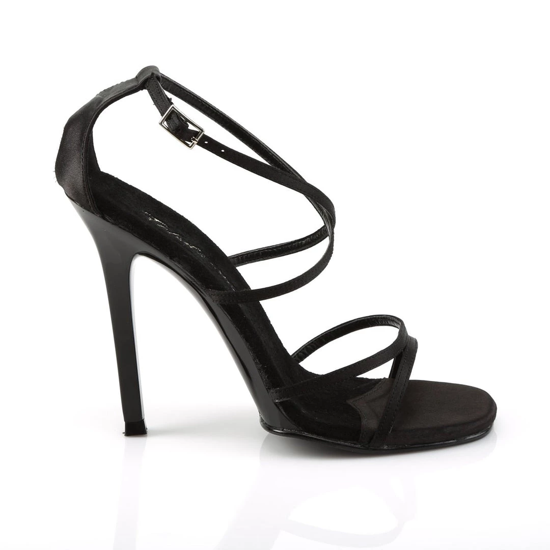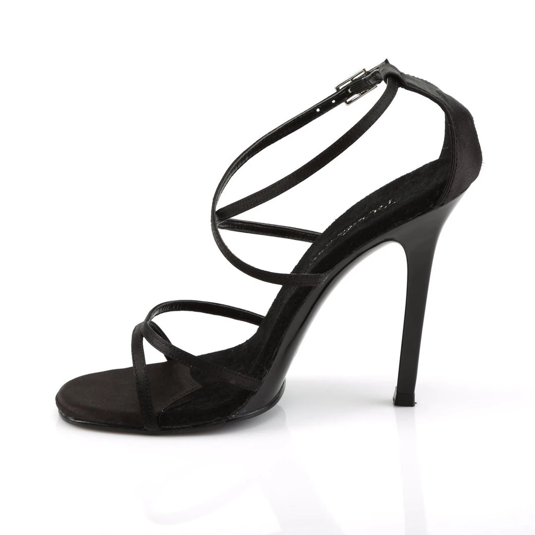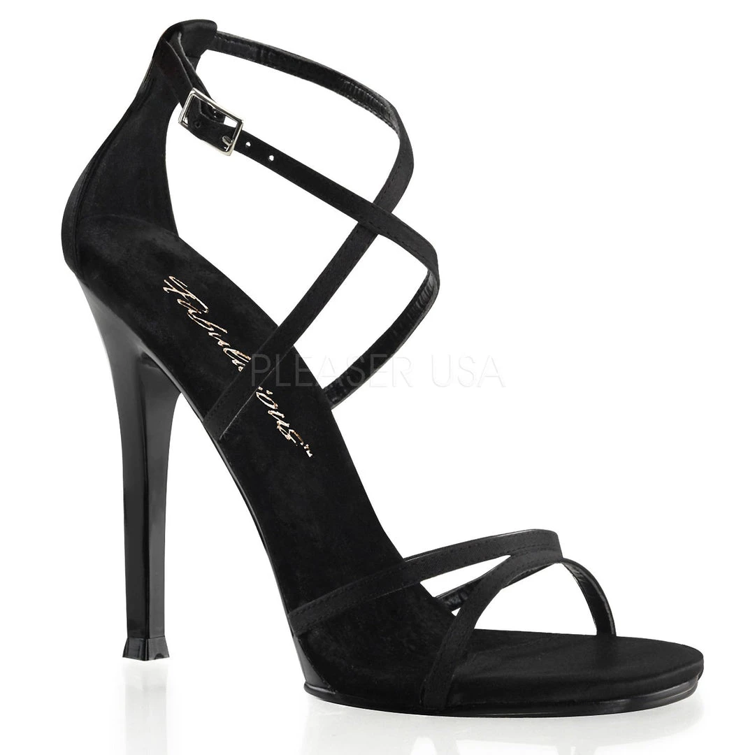 Black sandals with criss-cross pattern on the instep, double toe straps which fusion in the middle, back strap which supports the ankle strap and a dazzling 4.5 inch (11.5 cm) high stiletto heels which create a dramatic look. The metallic buckle on side gives the possibility to adjust the size for a perfect fit, while the soft cushioning adds further comfort.
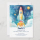 Celebrate the remarkable journey of your little one's first trip around the sun with our enchanting Outer Space-themed birthday invitation. This watercolor artwork features a delightful rocket ship, perfect for a space-themed birthday party for your little boy. Set the tone for a cosmic celebration and make the first birthday a memorable and joyous occasion. Elevate the excitement with this unique and charming space invitation! Generative content.
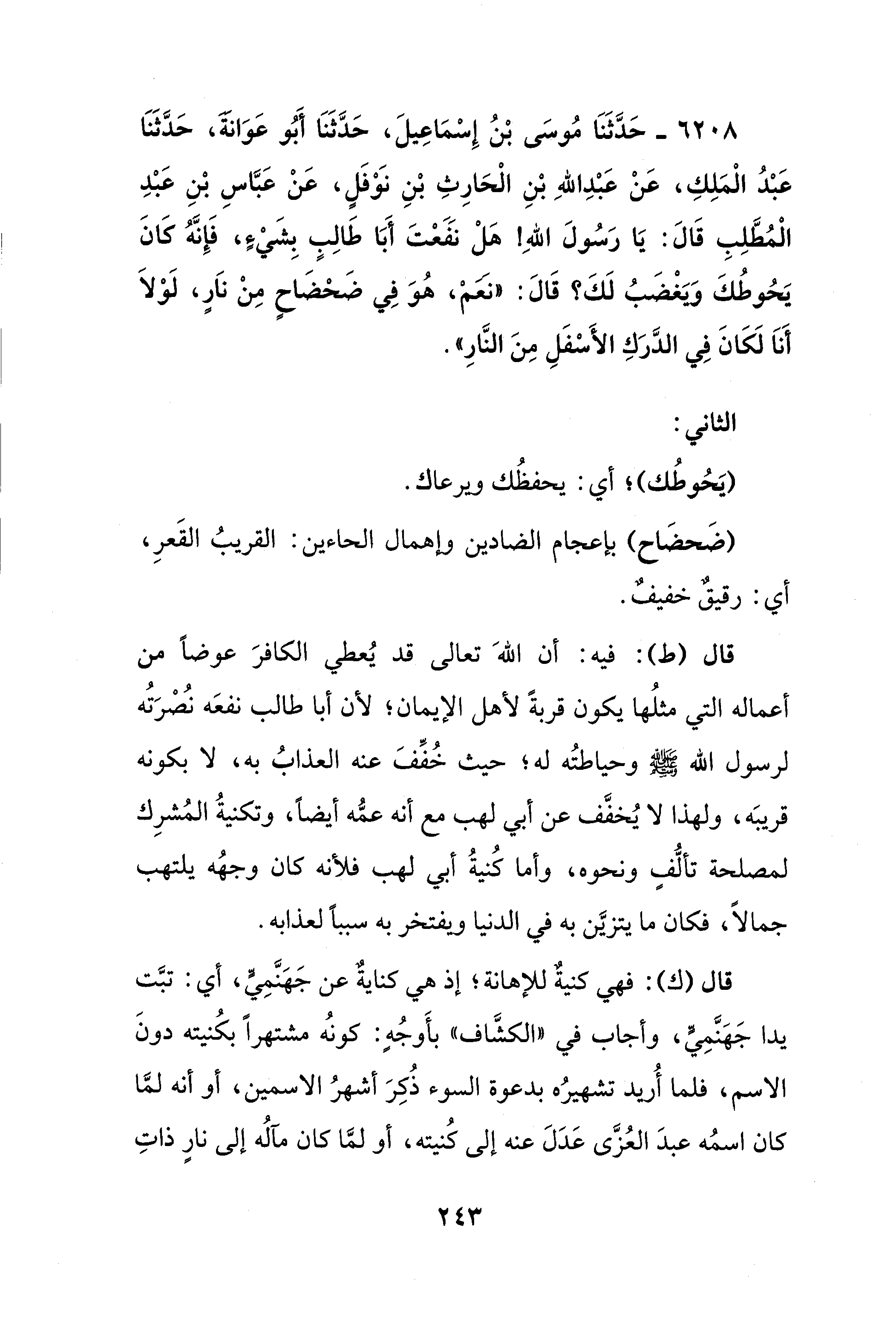 6208 - حَدَّثَنَا مُوسَى بْنُ إِسْمَاعِيلَ، حَدَّثَنَا أَبُو عَوَانَة، حَدَّثَنَا عَبْدُ الْمَلِكِ، عَنْ عَبْدِ اللهِ بْنِ الْحَارِثِ بْنِ نوفَلٍ، عَنْ عَبَّاسِ بْنِ عَبْدِ الْمُطَّلِبِ قَالَ: يَا رَسُولَ اللهِ! هَلْ نَفَعْتَ أَبَا طَالِبٍ بِشَيْءٍ، فَإِنَّهُ كَانَ يَحُوطُكَ وَيَغْضَبُ لَكَ؟ قَالَ: "نَعَمْ، هُوَ فِي ضَحْضَاحٍ مِنْ نَارٍ، لَوْلَا أَنَا لَكَانَ فِي الدَّرَكِ الأَسفَلِ مِنَ النَّارِ".
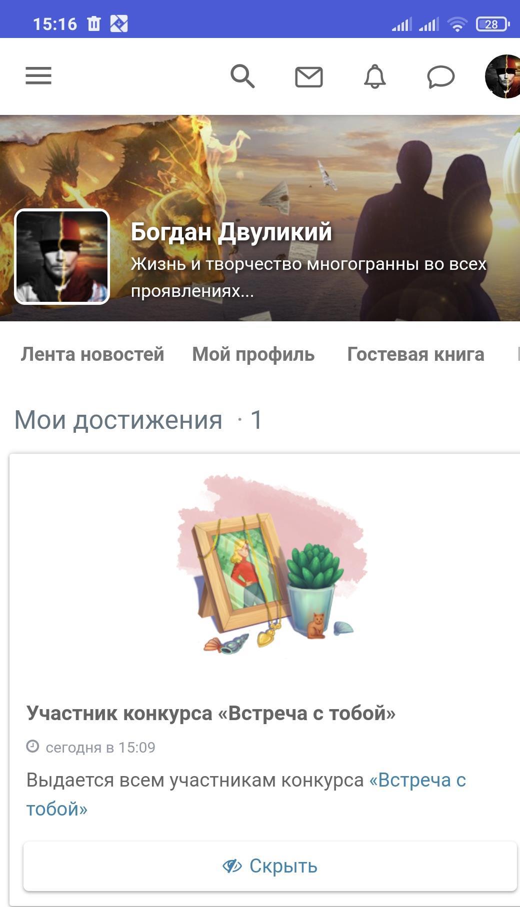 Автор: Богдан ДвуликийМелочь, а приятно - получить ачивку за какое-то действие. Сегодня пришло системное уведомление, что я получил награду за участие в конкурсе "Встреча с тобой". Пусть конкурс и не самый популярный в рамках сайта, но я придаю ему значение. Да и не только я.
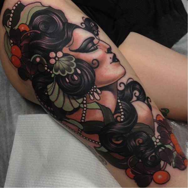 女生人物纹身图案 女生小腿上女生人物纹身图案
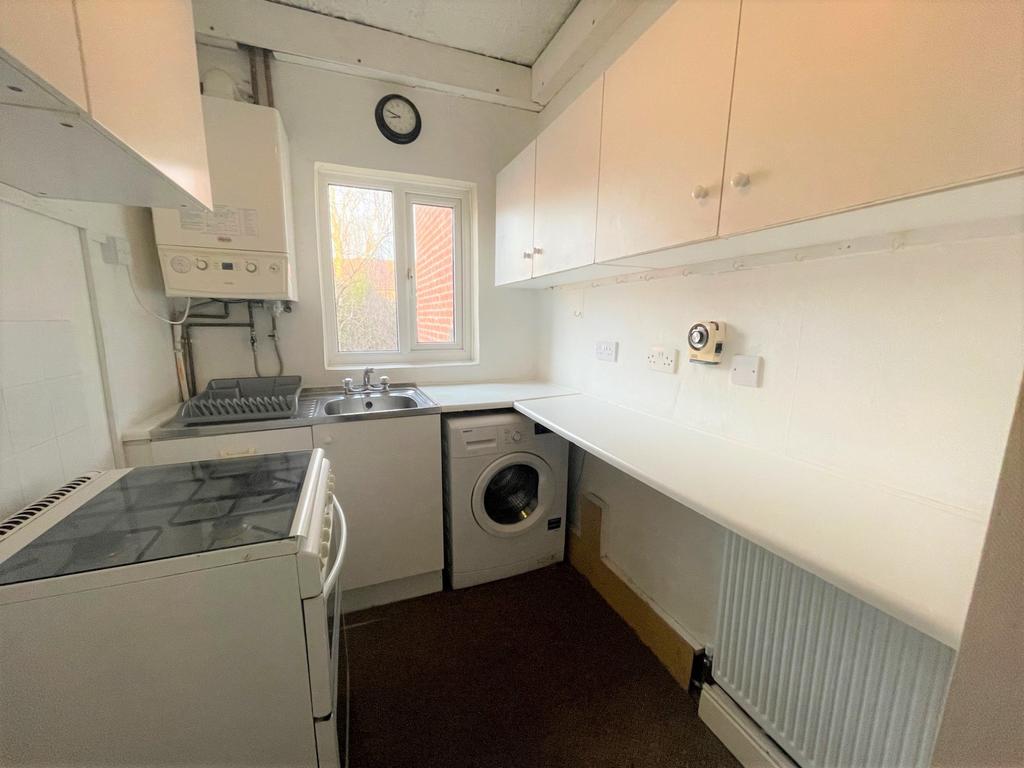Kitchen - White through out with rolled over edge work surface, vinyl flooring with room for a washing machine and small fridge freezer. Electric hob and oven. Double glazed window to the rear aspect of the property.
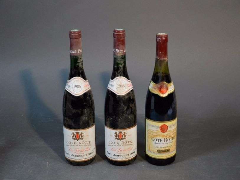 2 B CÔTE RÔTIE LES JUMELLES (2,5 cm| e.l.s| clm.s.) Jaboulet Ainé 19861 B CÔTE RÔTIE (3,5 cm| clm.s| c.s.) Guigal 1989
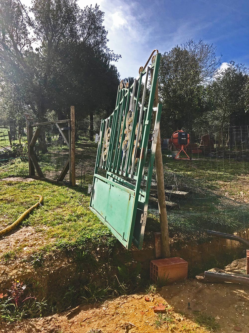 Vandaag vertrekt Henrique weer, de rest van zijn WorkAwayperiode zit hij bij Betty en daarna vertrekt hij naar Schotland. Vandaag zou Rui beginnen en daarom hebben we de hekken alvast op zijn plek gezet. In afwachting van uiteindelijke plaatsing en natuurlijk dat Rui ook meteen de goede maatvoering heeft. Helaas zegde hij af. Gelukkig is hij wel één van de modernere Portugezen die in ieder geval aankondigt dat hij een andere dag komt. Als het goed is komt hij nu aanstaande donderdag, Tot die tijd moet de hekken zichzelf maar een beetje bezighouden.

**TASK DIRECTIONS:** Please output the lines from the line that contains "Автор: Богдан ДвуликийМелочь, а" through the end of the records, both ends included, exactly and with no pictures.

**EXERCISE RESPONSE:**
 Автор: Богдан ДвуликийМелочь, а приятно - получить ачивку за какое-то действие. Сегодня пришло системное уведомление, что я получил награду за участие в конкурсе "Встреча с тобой". Пусть конкурс и не самый популярный в рамках сайта, но я придаю ему значение. Да и не только я.
 女生人物纹身图案 女生小腿上女生人物纹身图案
Kitchen - White through out with rolled over edge work surface, vinyl flooring with room for a washing machine and small fridge freezer. Electric hob and oven. Double glazed window to the rear aspect of the property.
 2 B CÔTE RÔTIE LES JUMELLES (2,5 cm| e.l.s| clm.s.) Jaboulet Ainé 19861 B CÔTE RÔTIE (3,5 cm| clm.s| c.s.) Guigal 1989
 Vandaag vertrekt Henrique weer, de rest van zijn WorkAwayperiode zit hij bij Betty en daarna vertrekt hij naar Schotland. Vandaag zou Rui beginnen en daarom hebben we de hekken alvast op zijn plek gezet. In afwachting van uiteindelijke plaatsing en natuurlijk dat Rui ook meteen de goede maatvoering heeft. Helaas zegde hij af. Gelukkig is hij wel één van de modernere Portugezen die in ieder geval aankondigt dat hij een andere dag komt. Als het goed is komt hij nu aanstaande donderdag, Tot die tijd moet de hekken zichzelf maar een beetje bezighouden.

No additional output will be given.